Brooklyn’s Joey Bada$$ claims the government’s been watching him since Malia Obama became a fan.Brian Alcazar

There’s nothing the Secret Service won’t do to keep the president safe. And that includes landscaping.
Last year, Brooklyn rapper Joey Bada$$, a member of the New York hip-hop collective Pro Era, experienced an overnight surge of government-level interest when a picture of Malia Obama wearing a Pro Era T-shirt began circulating online. A mutual friend of Barack Obama’s older daughter and the collective had apparently leaked the picture, and Joey (real name Jo-Vaughn Virginie Scott) realized that he had become a person of interest to the president’s men. On the plus side, he got some gardening done for free.

“There was a tree outside my door that shaded my whole house,” he tells The Post. “It had been there for years. But when that s–t with Malia went down, the tree was gone,” he says with a laugh. “The timing was too suspicious. I guess they [had] to get clearer pictures!” He also claims that his phones have been tapped ever since, but remarkably, he doesn’t seem overly concerned about Big Brother watching. “It’s all good. I’m only doing positive things!”
His latest project doesn’t require a telephoto lens to monitor. He has a recurring role in Season 2 of USA Network’s “Mr. Robot” (which began on Wednesday), playing the “Seinfeld”-obsessed Leon, a friend of lead character and vigilante hacker Elliot (Rami Malek). “This show had made me more paranoid than I already was,” he says, laughing again.

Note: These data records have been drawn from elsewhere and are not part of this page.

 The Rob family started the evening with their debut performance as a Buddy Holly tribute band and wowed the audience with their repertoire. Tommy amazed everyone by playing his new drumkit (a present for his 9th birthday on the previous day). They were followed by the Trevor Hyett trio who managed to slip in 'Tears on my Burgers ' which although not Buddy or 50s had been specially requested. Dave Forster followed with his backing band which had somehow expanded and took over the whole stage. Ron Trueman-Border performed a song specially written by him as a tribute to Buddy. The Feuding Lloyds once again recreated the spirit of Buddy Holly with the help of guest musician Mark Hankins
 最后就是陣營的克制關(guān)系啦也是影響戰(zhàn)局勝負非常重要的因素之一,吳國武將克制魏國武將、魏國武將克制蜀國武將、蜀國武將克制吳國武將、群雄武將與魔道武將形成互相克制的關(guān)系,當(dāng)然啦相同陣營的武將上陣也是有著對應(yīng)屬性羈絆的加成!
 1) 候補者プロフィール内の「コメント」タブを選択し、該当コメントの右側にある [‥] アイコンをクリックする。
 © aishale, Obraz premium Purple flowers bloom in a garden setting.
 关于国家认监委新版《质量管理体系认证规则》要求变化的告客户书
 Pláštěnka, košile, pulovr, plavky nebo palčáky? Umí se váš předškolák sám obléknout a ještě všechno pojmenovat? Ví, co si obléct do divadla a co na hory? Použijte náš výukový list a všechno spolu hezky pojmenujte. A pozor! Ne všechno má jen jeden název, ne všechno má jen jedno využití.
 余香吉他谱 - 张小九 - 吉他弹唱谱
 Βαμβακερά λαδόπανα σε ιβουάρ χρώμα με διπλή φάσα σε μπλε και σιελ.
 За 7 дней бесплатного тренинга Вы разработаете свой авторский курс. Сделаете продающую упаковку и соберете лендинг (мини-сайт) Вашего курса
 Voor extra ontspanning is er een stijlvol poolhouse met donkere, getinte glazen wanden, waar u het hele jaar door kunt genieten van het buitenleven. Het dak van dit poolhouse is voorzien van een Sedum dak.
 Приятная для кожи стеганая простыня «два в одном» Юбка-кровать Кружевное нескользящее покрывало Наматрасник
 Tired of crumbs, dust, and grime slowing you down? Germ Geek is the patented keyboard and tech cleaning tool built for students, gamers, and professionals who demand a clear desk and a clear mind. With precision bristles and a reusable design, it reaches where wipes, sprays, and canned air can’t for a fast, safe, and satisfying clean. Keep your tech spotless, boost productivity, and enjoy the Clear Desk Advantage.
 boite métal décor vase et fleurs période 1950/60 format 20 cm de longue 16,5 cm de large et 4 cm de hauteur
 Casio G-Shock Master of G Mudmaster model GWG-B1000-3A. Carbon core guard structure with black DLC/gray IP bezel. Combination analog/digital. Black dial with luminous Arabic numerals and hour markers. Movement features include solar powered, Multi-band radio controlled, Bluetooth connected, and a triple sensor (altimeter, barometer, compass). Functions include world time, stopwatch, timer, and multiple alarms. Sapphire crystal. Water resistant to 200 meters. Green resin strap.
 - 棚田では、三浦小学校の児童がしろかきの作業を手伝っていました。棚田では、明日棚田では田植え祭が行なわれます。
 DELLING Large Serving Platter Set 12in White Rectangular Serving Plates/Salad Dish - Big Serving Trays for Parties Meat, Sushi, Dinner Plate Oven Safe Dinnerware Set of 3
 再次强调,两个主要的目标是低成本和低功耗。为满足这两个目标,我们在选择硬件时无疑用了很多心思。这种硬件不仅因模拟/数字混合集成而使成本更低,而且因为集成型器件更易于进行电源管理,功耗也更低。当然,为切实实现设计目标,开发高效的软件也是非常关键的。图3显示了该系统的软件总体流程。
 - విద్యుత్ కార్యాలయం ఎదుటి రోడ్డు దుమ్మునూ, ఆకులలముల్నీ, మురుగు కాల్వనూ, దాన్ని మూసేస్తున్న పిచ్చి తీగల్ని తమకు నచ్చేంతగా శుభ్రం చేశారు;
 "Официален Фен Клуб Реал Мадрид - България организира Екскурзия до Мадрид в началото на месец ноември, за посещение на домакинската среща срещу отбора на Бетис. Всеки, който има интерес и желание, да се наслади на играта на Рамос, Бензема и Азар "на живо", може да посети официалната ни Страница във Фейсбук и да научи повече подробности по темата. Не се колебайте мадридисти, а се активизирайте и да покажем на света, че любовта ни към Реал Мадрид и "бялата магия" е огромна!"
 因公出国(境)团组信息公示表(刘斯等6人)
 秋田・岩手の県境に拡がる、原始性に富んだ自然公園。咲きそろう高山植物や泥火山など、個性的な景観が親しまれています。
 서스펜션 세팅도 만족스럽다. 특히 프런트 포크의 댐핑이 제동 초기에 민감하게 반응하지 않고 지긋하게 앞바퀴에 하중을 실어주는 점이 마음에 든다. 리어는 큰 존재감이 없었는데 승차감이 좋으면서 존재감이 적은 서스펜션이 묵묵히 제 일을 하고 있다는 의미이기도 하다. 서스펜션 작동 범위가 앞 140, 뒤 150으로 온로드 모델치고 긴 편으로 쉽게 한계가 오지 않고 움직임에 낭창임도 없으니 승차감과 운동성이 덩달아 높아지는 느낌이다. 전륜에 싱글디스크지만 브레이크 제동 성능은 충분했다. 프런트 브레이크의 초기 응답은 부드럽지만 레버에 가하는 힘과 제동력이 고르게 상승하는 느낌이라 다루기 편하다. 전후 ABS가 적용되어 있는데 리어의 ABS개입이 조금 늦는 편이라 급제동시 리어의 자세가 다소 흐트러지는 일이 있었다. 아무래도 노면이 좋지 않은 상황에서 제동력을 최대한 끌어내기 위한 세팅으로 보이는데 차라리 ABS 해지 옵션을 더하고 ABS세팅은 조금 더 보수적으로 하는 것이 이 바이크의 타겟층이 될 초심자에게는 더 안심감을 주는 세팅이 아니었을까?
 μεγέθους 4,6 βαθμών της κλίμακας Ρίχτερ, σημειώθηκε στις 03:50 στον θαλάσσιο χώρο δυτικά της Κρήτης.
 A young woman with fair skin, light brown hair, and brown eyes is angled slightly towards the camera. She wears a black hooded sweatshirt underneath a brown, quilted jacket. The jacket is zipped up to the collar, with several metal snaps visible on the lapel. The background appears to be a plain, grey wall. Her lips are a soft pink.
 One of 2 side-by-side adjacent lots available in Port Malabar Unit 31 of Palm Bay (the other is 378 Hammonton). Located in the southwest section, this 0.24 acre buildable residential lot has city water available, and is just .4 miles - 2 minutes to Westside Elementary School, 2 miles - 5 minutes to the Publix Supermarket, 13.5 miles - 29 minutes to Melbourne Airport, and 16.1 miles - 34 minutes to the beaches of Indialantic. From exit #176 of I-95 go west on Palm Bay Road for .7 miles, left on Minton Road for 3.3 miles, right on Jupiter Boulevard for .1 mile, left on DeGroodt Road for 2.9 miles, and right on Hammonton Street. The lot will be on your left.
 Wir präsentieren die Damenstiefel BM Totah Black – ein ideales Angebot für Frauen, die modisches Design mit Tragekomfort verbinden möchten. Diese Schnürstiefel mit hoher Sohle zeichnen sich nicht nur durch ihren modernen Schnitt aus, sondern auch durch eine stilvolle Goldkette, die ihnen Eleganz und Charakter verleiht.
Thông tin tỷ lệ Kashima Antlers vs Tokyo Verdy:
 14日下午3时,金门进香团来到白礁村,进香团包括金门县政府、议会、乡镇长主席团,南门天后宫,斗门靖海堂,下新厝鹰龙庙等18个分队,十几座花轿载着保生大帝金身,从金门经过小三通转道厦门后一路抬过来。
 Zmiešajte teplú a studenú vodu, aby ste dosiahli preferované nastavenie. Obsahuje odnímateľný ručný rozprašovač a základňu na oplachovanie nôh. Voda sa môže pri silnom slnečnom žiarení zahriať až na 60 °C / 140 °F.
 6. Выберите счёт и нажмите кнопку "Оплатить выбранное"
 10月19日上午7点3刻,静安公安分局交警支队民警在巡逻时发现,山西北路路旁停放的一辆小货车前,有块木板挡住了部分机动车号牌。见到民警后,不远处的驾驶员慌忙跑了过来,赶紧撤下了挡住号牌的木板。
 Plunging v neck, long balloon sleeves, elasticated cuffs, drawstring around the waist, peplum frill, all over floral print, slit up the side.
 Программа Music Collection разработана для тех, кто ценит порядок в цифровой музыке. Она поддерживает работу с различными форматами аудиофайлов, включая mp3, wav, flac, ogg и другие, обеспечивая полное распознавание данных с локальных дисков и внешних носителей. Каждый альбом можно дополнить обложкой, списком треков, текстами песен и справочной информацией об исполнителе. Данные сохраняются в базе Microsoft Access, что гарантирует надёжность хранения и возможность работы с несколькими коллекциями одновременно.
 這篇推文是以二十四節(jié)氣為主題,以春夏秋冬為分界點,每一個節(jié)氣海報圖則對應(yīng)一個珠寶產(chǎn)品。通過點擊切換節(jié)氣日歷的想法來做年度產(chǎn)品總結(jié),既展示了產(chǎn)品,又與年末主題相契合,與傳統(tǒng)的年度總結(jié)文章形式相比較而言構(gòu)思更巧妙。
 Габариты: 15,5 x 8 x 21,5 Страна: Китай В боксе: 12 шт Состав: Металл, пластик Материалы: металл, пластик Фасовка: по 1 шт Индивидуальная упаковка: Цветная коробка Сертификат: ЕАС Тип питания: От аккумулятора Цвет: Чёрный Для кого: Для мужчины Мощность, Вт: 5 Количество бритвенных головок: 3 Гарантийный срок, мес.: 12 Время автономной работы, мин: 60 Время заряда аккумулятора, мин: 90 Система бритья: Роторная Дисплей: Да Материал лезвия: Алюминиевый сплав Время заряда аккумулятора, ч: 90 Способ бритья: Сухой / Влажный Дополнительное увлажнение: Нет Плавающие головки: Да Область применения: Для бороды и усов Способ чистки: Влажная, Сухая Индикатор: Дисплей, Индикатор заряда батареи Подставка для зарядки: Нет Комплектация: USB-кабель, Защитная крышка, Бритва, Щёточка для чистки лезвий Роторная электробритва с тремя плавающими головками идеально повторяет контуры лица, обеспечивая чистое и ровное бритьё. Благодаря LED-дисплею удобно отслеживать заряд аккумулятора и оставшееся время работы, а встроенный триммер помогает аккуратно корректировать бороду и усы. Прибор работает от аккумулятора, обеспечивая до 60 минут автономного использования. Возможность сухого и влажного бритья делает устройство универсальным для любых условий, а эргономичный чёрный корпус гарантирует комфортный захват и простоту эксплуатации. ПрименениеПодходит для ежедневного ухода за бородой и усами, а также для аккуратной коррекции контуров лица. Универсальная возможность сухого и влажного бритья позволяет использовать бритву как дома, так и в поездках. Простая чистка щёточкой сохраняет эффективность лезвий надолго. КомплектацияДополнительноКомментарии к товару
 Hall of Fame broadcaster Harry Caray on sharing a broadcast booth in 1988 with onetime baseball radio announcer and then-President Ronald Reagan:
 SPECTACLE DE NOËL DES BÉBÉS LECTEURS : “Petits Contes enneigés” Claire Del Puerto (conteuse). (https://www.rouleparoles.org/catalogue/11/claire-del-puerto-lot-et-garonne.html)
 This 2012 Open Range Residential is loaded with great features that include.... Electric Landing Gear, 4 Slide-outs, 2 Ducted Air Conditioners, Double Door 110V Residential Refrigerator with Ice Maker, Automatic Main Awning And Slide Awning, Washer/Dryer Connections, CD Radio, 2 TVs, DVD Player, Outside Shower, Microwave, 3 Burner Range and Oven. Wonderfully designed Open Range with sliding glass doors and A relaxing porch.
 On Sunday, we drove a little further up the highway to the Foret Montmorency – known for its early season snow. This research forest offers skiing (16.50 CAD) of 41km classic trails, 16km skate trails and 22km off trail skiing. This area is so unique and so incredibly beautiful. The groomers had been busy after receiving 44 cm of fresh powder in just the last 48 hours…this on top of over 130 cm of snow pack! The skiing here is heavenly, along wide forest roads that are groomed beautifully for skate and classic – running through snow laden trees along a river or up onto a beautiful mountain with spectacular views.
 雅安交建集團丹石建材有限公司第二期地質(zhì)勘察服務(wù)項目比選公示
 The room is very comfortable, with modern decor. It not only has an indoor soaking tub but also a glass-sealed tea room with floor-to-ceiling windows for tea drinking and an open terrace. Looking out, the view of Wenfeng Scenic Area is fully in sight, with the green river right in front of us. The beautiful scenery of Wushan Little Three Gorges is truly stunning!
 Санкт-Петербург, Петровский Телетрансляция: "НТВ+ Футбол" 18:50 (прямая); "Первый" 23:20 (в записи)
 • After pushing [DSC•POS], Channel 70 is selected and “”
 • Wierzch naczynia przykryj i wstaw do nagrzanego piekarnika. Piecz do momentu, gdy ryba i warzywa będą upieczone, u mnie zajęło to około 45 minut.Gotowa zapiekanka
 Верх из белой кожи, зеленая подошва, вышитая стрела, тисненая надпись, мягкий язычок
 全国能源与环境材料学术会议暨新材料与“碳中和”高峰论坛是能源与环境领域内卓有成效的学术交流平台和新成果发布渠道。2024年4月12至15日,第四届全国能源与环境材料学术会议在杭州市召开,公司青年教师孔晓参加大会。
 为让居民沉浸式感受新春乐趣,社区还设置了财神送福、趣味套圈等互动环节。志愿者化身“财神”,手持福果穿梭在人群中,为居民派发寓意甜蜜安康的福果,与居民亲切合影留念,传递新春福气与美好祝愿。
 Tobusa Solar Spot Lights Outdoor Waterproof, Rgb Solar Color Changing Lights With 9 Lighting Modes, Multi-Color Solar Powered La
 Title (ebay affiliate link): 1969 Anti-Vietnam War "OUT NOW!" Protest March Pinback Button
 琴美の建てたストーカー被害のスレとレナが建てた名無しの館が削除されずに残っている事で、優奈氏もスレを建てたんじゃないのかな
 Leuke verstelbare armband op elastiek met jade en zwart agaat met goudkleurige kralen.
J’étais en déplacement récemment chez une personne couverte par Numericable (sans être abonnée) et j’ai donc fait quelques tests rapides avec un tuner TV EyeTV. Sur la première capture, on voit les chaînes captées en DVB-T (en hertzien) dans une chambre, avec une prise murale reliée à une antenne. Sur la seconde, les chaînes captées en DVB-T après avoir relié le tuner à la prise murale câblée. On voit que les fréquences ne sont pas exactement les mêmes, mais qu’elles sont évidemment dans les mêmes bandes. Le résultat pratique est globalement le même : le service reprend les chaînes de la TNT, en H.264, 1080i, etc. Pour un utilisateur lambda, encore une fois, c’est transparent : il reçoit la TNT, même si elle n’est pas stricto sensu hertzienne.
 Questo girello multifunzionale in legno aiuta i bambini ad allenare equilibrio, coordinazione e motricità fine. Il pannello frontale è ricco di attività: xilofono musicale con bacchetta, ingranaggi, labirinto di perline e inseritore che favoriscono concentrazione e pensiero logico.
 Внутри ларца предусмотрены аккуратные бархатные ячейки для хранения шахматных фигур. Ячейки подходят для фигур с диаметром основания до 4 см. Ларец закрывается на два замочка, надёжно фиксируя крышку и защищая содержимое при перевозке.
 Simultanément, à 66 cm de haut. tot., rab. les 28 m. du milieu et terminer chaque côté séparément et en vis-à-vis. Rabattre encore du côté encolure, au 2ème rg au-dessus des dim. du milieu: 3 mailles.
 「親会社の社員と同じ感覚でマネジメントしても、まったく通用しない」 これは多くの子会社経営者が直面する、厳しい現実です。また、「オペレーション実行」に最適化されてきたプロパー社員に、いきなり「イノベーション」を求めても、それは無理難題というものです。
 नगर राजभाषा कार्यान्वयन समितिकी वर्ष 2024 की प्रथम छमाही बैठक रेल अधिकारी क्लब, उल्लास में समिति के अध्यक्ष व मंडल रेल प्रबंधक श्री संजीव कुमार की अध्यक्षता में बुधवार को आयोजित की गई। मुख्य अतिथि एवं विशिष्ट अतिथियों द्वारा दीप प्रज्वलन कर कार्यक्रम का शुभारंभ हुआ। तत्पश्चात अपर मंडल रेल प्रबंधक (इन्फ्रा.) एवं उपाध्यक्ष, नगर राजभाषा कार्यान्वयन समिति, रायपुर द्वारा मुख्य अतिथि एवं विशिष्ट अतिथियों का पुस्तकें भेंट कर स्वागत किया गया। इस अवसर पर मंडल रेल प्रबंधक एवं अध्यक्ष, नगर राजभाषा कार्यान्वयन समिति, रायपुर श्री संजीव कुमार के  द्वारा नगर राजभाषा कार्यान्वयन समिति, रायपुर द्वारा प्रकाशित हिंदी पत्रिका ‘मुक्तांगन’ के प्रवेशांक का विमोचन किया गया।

Joey, 21, says that acting was a major passion for him as a teen, but he only played a bit part in a high school production of “Alice in Wonderland” before music got in the way and hip-hop began dominating his life.

Joey Bada$$ (left, with Rami Malek) plays Leon on “Mr. Robot.”Peter Kramer/USA Network.

On the last day of his junior year at Midwood’s Edward R. Murrow High School, in 2012, he dropped his first mixtape, “1999.” It was praised for its classic, ’90s-influenced production and smart lyricism. After a summer tour with Juicy J, he went back to school with a newfound stardom. “When I started senior year, school was unbearable,” he says. “Kids would be taking pictures of me in the hallways. It got pretty out of hand, so I had to get my mom to pull me out so I could finish my last year online.”
Another mixtape (2013’s “Summer Knights”) and last year’s full-length debut, “B4.DA.$$,” followed. But the plan was to use his music career to leverage an acting role — and it’s come to fruition with “Mr. Robot.” The surprising White House endorsement certainly didn’t hurt his ambitions.
“I’d love to thank Malia in person,” says Joey. “It’ll be a weird encounter, because the Secret Service guys are gonna be there, and they’re gonna be tapping the whole conversation. But nonetheless, I’m down!”